The French Visit Grant’s Tomb, Harlem, 1917

french soldiers in fron of Grants tombFrench soldiers ride a pair of double-decker buses to West 123rd Street and Riverside Drive to visit the tomb of Ulysses S. Grant (aka Grants Tomb). The French soldiers visited Grants Tomb while World War I was still ongoing. Above the tomb the placard reads, “Let us have peace” (source).

Also, the start of American involvement in World War I and just before leaving Governors Island in 1917 to lead the 2 million soldiers of the American Expeditionary Force in France, General John J. Pershing (1860-1948) had to run to Harlem to register for the draft of the very army he was going to France to lead (source). In addition, the French general Joseph Joffre visited Grant’s tomb on May 10, 1917, about a year after he was relieved of command in France. During Joffre’s visit had a crowd estimated at 25,000 gathered to watch him pay his respects to Monsieur Ulysses Grant (source).
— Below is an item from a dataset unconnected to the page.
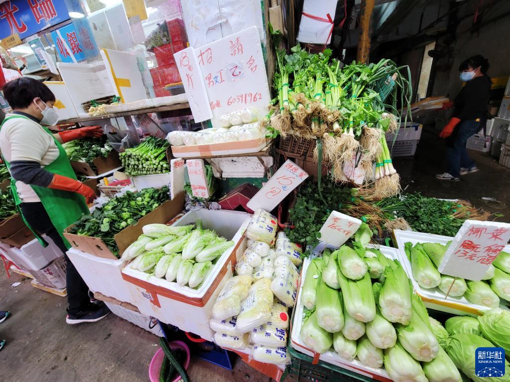 2月27日,在香港红磡,菜摊员工在整理蔬菜。
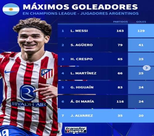 阿根廷球員歐冠進球榜:梅西129球居首,阿圭羅次席,小蜘蛛第7

During this time, these sundry visits and ceremonies reportedly attracted huge crowds. The reason the French visited Grants tomb was either before or after they had visited the statue of Joan of Arc “The Maid of Orléans”, the folk heroine of France and a Roman Catholic saint. The statue became, in the decades after its construction, a symbol of Franco-American relations. The statue was usually included in the itinerary of visiting dignitaries (…for instance, Marie Alexandra Victoria, the Queen of Romania, was compelled to schlep up there when she visited the States in 1926…) and it was the scene of various wreath-layings and other ceremonies honoring whichever French person (or persons) was close at hand.